Transfer pricing is the general term for the pricing of transactions between related or associated enterprises. It should reflect the internationally accepted arm’s length principle embodied in Article 9 of the UN Model Double Taxation Convention between Developed and Developing Countries. It is particularly relevant to the global transactions of multinational enterprises, involving the transfer of goods, services and intangibles between enterprises of the multinational groups.

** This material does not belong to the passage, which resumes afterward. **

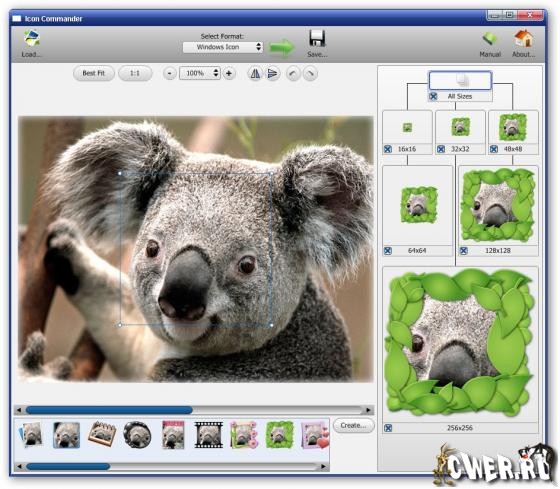Icon Commander конвертирует изображения любого формата в ярлыки для Windows. Вы сможете найти массу различных изображений в Интернете и создать из них ярлыки для рабочего стола, приложений и т.д. В программе Icon Commander есть коллекция разных стилей для ярлыков. С помощью IconCommander вы сможете создать ярлык всего одним кликом мыши. Программа поддерживает ярлыки 256?256 Windows Vista с альфа-каналом.

When transactions between associated enterprises do not reflect the arm’s length principle, profits might be shifted to low-tax or no-tax jurisdictions and losses and deductions shifted to high-tax jurisdictions. This can deprive a country of tax revenue. When two or more tax authorities take different positions in determining the arm’s length price, double taxation may occur. Unrelieved double taxation in transfer pricing cases can represent a significant economic burden for taxpayers, which can in turn negatively impact the investment climate of countries.

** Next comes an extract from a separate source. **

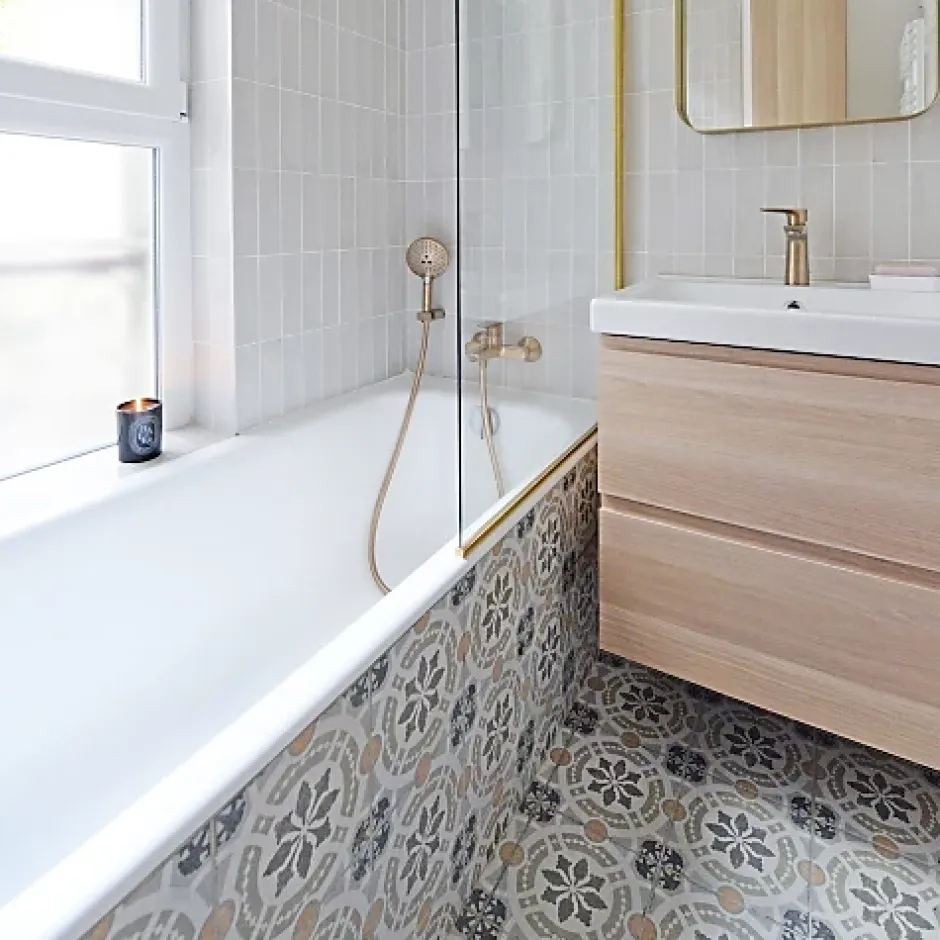 Ces carreaux effet ciment rappellent le charme des sols anciens avec leurs motifs géométriques et leurs teintes douces. Ils s’intègrent facilement dans une cuisine, une entrée ou une salle de bain, et se marient aussi bien à des matériaux bruts qu’à des éléments plus modernes.Pour votre projet, pensez à prévoir environ 10 % de carreaux supplémentaires afin de compenser les coupes et ajustements lors de la pose.

The effective application of transfer pricing rules is key to protecting the tax base of developing countries and their capacity to mobilize domestic resources to increase investment in the SDGs. It also contributes to combatting illicit financial flows. Well designed transfer pricing rules help eliminate double taxation, thus facilitating cross-border trade, creating a favourable investment climate and assisting developing countries to increase their tax revenues.
Transfer pricing is not an exact science. It heavily depends on assessing the facts and circumstances of each case, performing a comparability analysis and interpreting available data.
The UN Practical Manual on Transfer Pricing
The UN Practical Manual on Transfer Pricing for Developing Countries provides guidance on the policy and administrative aspects of undertaking a transfer pricing analysis. The guidance assists policy makers and administrators in dealing with complex transfer pricing issues, and it assists taxpayers in dealing with tax administrations.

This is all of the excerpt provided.